Article 17 (Payable Tax Amount)

(1) The amount of value-added taxes payable by an entrepreneur (hereinafter referred to as the “paid tax amount”) shall be the amount computed by deducting the tax amount under the following subparagraphs (hereinafter referred to as the “purchase tax amount”) from the tax amount on the goods and services supplied by him (hereinafter referred to as the “sales tax amount”): Provided, That where an input tax amount exceeds the output tax amount, it shall be a refundable tax amount (hereinafter

1. The tax amount for the supply of goods or services used or to be used for his own business;

2. The tax amount for the import of goods used or to be used for his own business; and

(2) The following input taxes shall not be deducted from the output tax amount:

4. The input tax amount related to the business of supplying goods or services exempted from the value-added tax (including the input tax amount related to investments) and the land-related purchase tax amount as prescribed by

【Enforcement Decree of the Value-Added Tax Act

Article 60 (Application of Purchase Tax Amount by Law)

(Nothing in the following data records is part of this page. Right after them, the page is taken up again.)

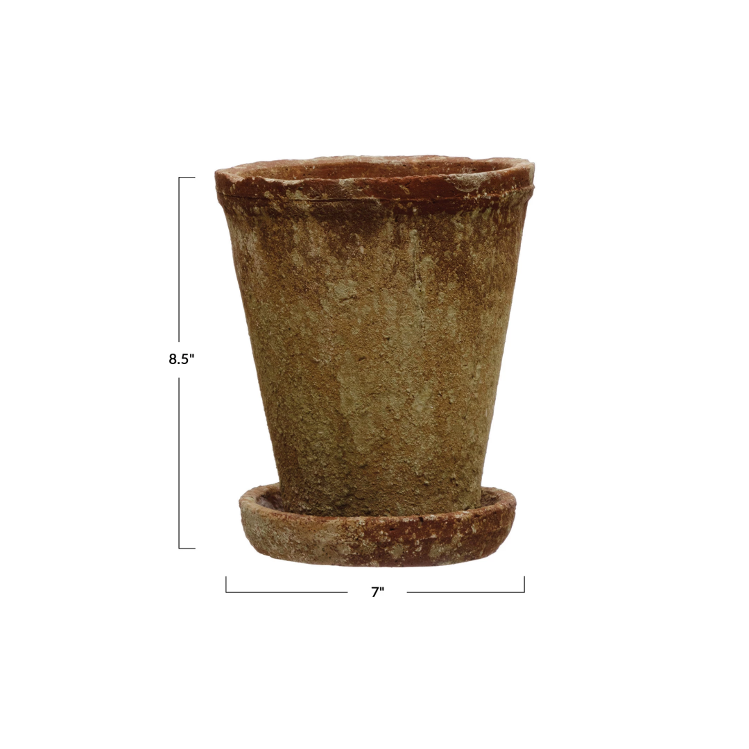 Terracotta Cement Planter with Saucer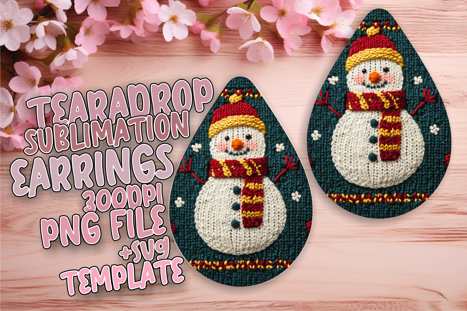 Artful Teardrop Earrings Sublimation Design , Snowman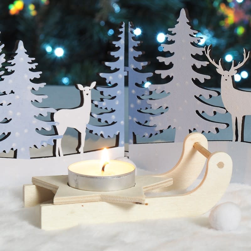 De slee kaarsenhouder meet 11,5x4x8,5 cm.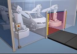When safety light curtains are guarding a danger zone where material must be moved automatically into or out of the zone,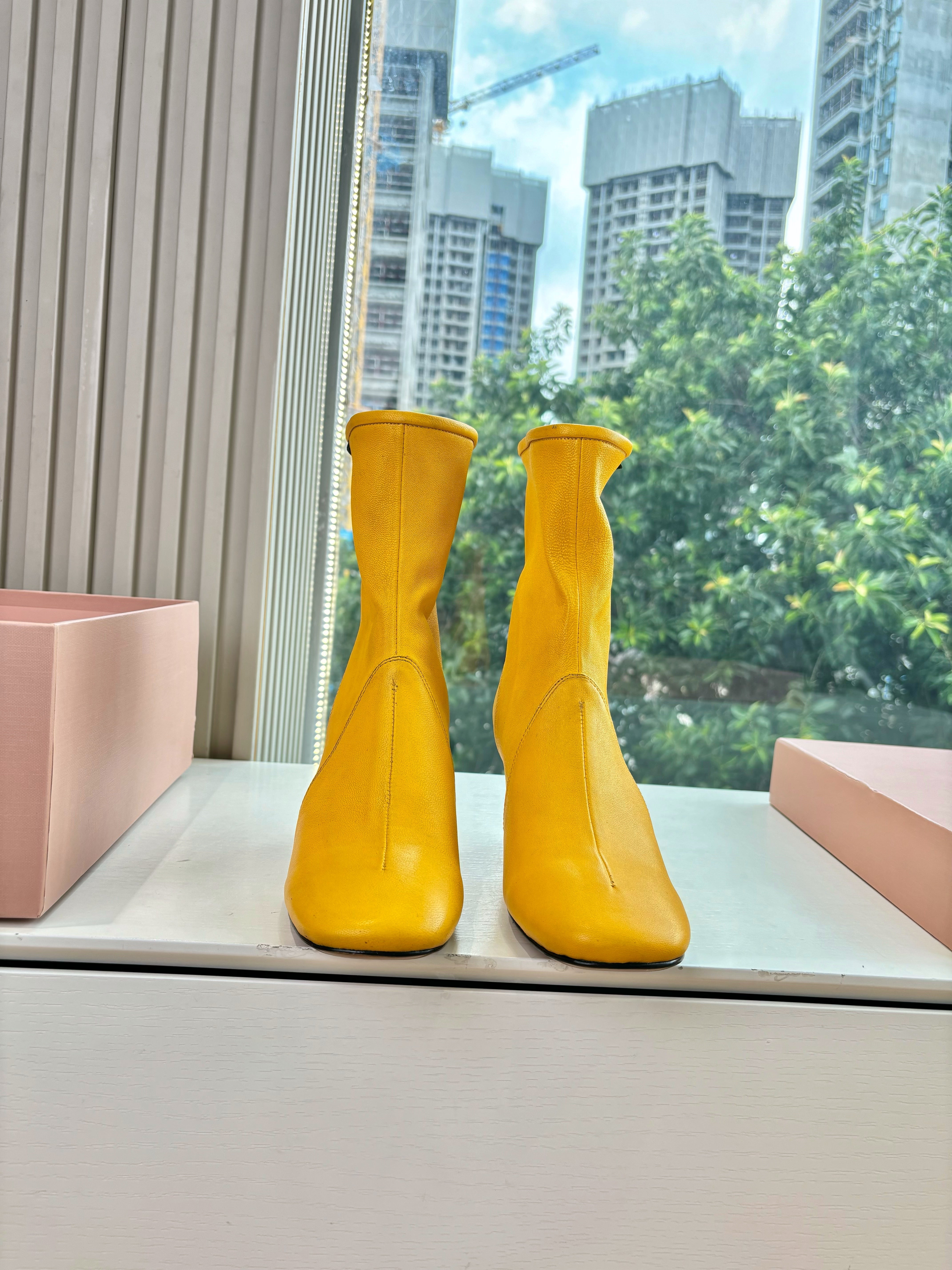Miu Bootie Yellow Nappa Leather 506641

(6) The term “land-related input tax amount as prescribed by the Presidential Decree” in Article 17 (2) 4 of the Act means the input tax amount falling under any of the following subparagraphs, which is the input tax amount related to capital expenditures for

1. An input tax amount related to the acquisition and alteration of the form and quality of land, the development of factory sites and housing sites;

2. Where a parcel of land on which a building is located is acquired, and the building is removed and only land is used, the input tax amount on the cost of acquisition and removal of the removed

3. An input tax amount related to the expenses forming the acquisition cost of land by practically increasing the value of land.